I got very lucky with Puck (due to bad luck for him: the people that made a reservation for him werenever heard from again) because he was adopted later than usual and had been kept in a cage in the breeder's living room during that time. He got a little extra tlc (last one of the last nest of the year to go to a new home, plus I do think he was hand fed a little because I remember the breeder saying that his parents eventuallu refused to fed him) and definitely had and has a lot of love to give back thanks to that. 
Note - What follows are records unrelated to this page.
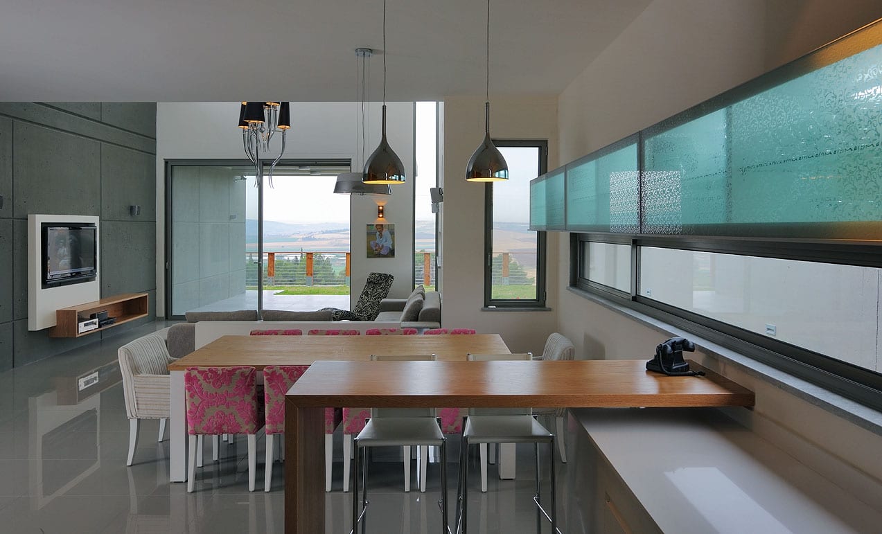 שילוב של חומרים טבעיים, בטון ועץ, נותנים לנו הצצה אל אופי הבית החצר. מרחבים של טבע ובית אחד על ההר חלונות עליונים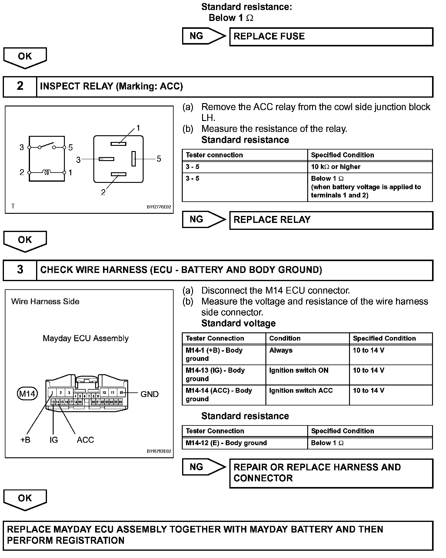 This circuit supplies power to operate the Mayday ECU assembly.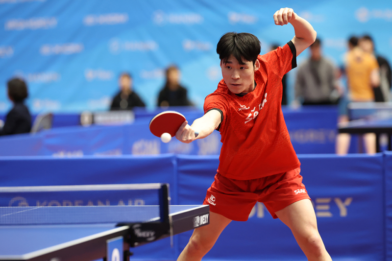 장우진. 사진=대한탁구협회 제공 제천체육관에서 열리고 있는 제79회 대한항공 전국남녀종합탁구선수권대회가 24일 개막 4일차 경기를 지나면서 개인전 각 종목에서 순위권의 윤곽을 드러냈다.
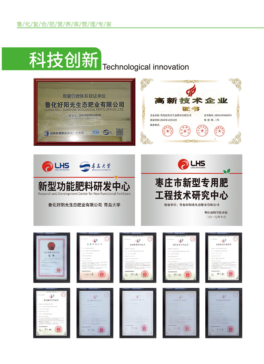魯化好陽光秉承“營養(yǎng)庫管理專家”的理念,致力于肥料的高效利用,服務農(nóng)業(yè)生產(chǎn)。魯化好陽光已獲得國家高新技術企業(yè)認證、ISO9001質(zhì)量體系認證等多項管理資質(zhì)證書。和青島大學、滕州市馬鈴薯品牌培育產(chǎn)業(yè)發(fā)展研究所等多所大學、研究機構合作,建立新型肥料研發(fā)中心,取得了豐碩成果。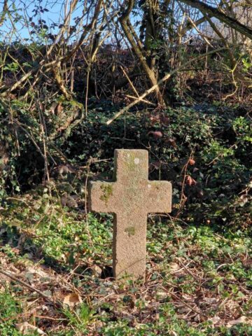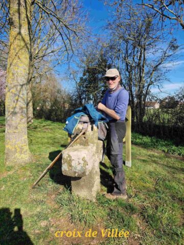 Puis encore de beaux sentiers à découvrir. Arrivée à la croix de Villée : « croix latine asymétrique en grès roussard, la plus ancienne de la commune. Elle est située sur l’ancienne voie antique reliant Vieux (près de Caen) au Mans. Au moyen-âge, cet itinéraire était emprunté par les pèlerins qui se rendaient à St Jacques de Compostelle ou au Mont St Michel ».

So glad to hear Nilla wants to be close to you all the time now! Your patience paid off


----------



## littletiel (May 15, 2011)

There are aha moments all the time when you live with a cockatiel.  Today my boy did something new for example. I was typing and he grabbed my finger with his beak (VERY delicately) and basically put my finger in front of his face (I first tried to move, but he grabbed my finger again), then he lowered his head and asked for scritches. That was so cute.


----------



## vampiric_conure (Jul 8, 2012)

I'm having aha moments with Strong Arm this week. She's started contact calling me whenever I leave the room, the same as my white capped pionus does. I feels so speeeshull, LOL!!


----------



## littletiel (May 15, 2011)

Someone is having a good day today... My boy is an ANGEL today, just grinding his beak and blowing me kisses non-stop. It is a bit difficult when I am trying to do something and a certain birdie stretches his neck and with his face in front of mine blows me kisses with that super-sweet look and his crest slightly furled, but he is so adorable I forgive him for messing up my work.


----------



## Vickitiel (Oct 10, 2012)

Coco has been one big surprise lately. He is imprinted on me and only lets me pick him up and pet him, and usually chases anyone else away and/or bites when a hand that isn't mine comes close to him. This week, however, he has bowed his head to both my mum and my partner and allowed them to gently scratch his head. That's a very big step for him seeing as he has always been strictly a one-person bird! It's a nice change.


----------